Original Investigation
Dialysis
Initial and Extended Use of Femoral Versus Nonfemoral Double-Lumen Vascular Catheters and Catheter-Related Infection During Continuous Renal Replacement Therapy

https://doi.org/10.1053/j.ajkd.2014.04.022Get rights and content

Background

The risk of catheter-related infection or bacteremia, with initial and extended use of femoral versus nonfemoral sites for double-lumen vascular catheters (DLVCs) during continuous renal replacement therapy (CRRT), is unclear.

Study Design

Retrospective observational cohort study.

Setting & Participants

Critically ill patients on CRRT in a combined intensive care unit of a tertiary institution.

Factor

Femoral versus nonfemoral venous DLVC placement.

Outcomes

Catheter-related colonization (CRCOL) and bloodstream infection (CRBSI).

Measurements

CRCOL/CRBSI rates expressed per 1,000 catheter-days.

Results

We studied 458 patients (median age, 65 years; 60% males) and 647 DLVCs. Of 405 single-site only DLVC users, 82% versus 18% received exclusively 419 femoral versus 82 jugular or subclavian DLVCs, respectively. The corresponding DLVC indwelling duration was 6 ± 4 versus 7 ± 5 days (P = 0.03). Corresponding CRCOL and CRBSI rates (per 1,000 catheter-days) were 9.7 versus 8.8 events (P = 0.8) and 1.2 versus 3.5 events (P = 0.3), respectively. Overall, 96 patients with extended CRRT received femoral-site insertion first with subsequent site change, including 53 femoral guidewire exchanges, 53 new femoral venipunctures, and 47 new jugular/subclavian sites. CRCOL and CRBSI rates were similar for all such approaches (P = 0.7 and P = 0.9, respectively). On multivariate analysis, CRCOL risk was higher in patients older than 65 years and weighing >90 kg (ORs of 2.1 and 2.2, respectively; P < 0.05). This association between higher weight and greater CRCOL risk was significant for femoral DLVCs, but not for nonfemoral sites. Other covariates, including initial or specific DLVC site, guidewire exchange versus new venipuncture, and primary versus secondary DLVC placement, did not significantly affect CRCOL rates.

Limitations

Nonrandomized retrospective design and single-center evaluation.

Conclusions

CRCOL and CRBSI rates in patients on CRRT are low and not influenced significantly by initial or serial femoral catheterizations with guidewire exchange or new venipuncture. CRCOL risk is higher in older and heavier patients, the latter especially so with femoral sites.

Section snippets

Study Design and Setting

We performed a single-center observational study of critically ill patients in a combined medical, surgical, and cardiothoracic ICU in a tertiary institution from December 2005 through June 2011. The Human Research Ethics Committee approved the study (H2011/04482) and waived the need for informed consent because it involved no intervention and data were de-identified and made anonymous.

Participants

All patients older than 16 years who underwent femoral and/or nonfemoral venous DLVC placement were included.

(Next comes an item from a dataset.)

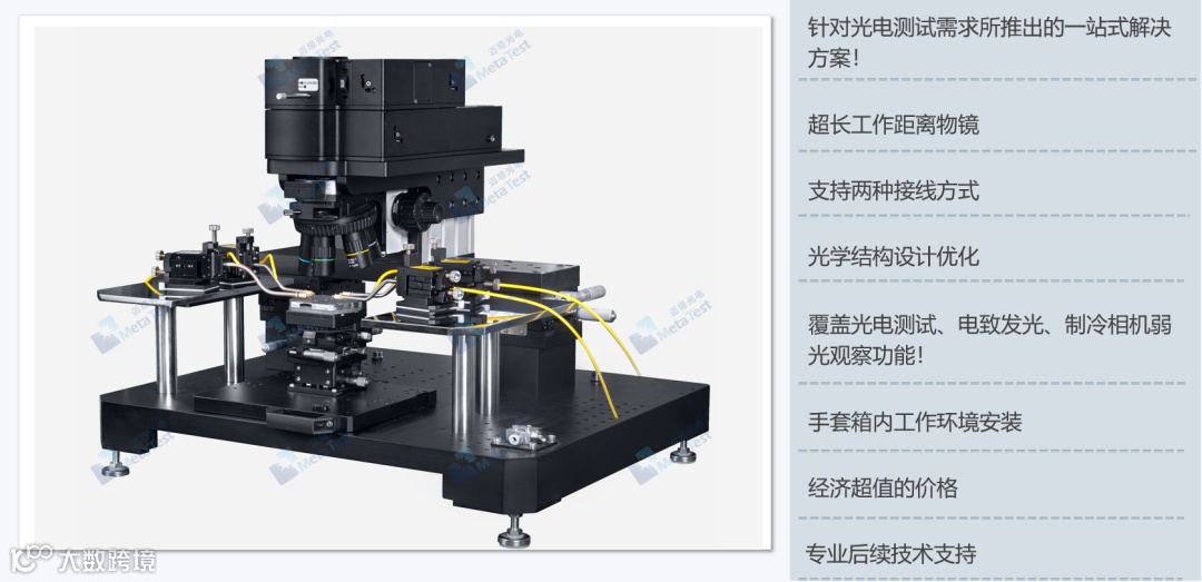 设备可升级加装积分球功能,测试电致发光色谱、光功率等;样品台特别设计为快速切换模式,标准样品台和积分球模块可相互替换,在一台设备上满足常规电学测试和积分球器件测试

Participants and Descriptive Data

We studied 458 patients and 647 DLVCs (Fig 1). Median age and weight for all patients were 65 (interquartile range [IQR], 52-74) years and 75 (IQR, 65-90) kg, respectively. Median CRRT duration was 73 (IQR, 31-154) hours (Table 1). Of 501 femoral and 146 nonfemoral DLVCs, 227 (45%) and 67 (46%) had tip cultures performed, respectively (P = 0.9). A total of 108 of 647 (17%) DLVCs were removed after ICU discharge, within 2 (IQR, 1-4) days of ward transfer. Forty percent of these 108 catheters

Discussion

We demonstrated similar CRCOL and CRBSI rates in critically ill patients on CRRT regardless of initial DLVC site approach, specifically femoral versus nonfemoral sites. Consecutive femoral DLVC placement (guidewire exchange or new venipuncture) for extended CRRT did not significantly increase infection risk compared with change to nonfemoral sites. Secondary versus primary DLVC placement was associated with higher CRBSI risk, an effect likely dependent on longer ICU stay. Older and heavier

Acknowledgements

Support: None.

Financial Disclosure: The authors declare that they have no relevant financial interests.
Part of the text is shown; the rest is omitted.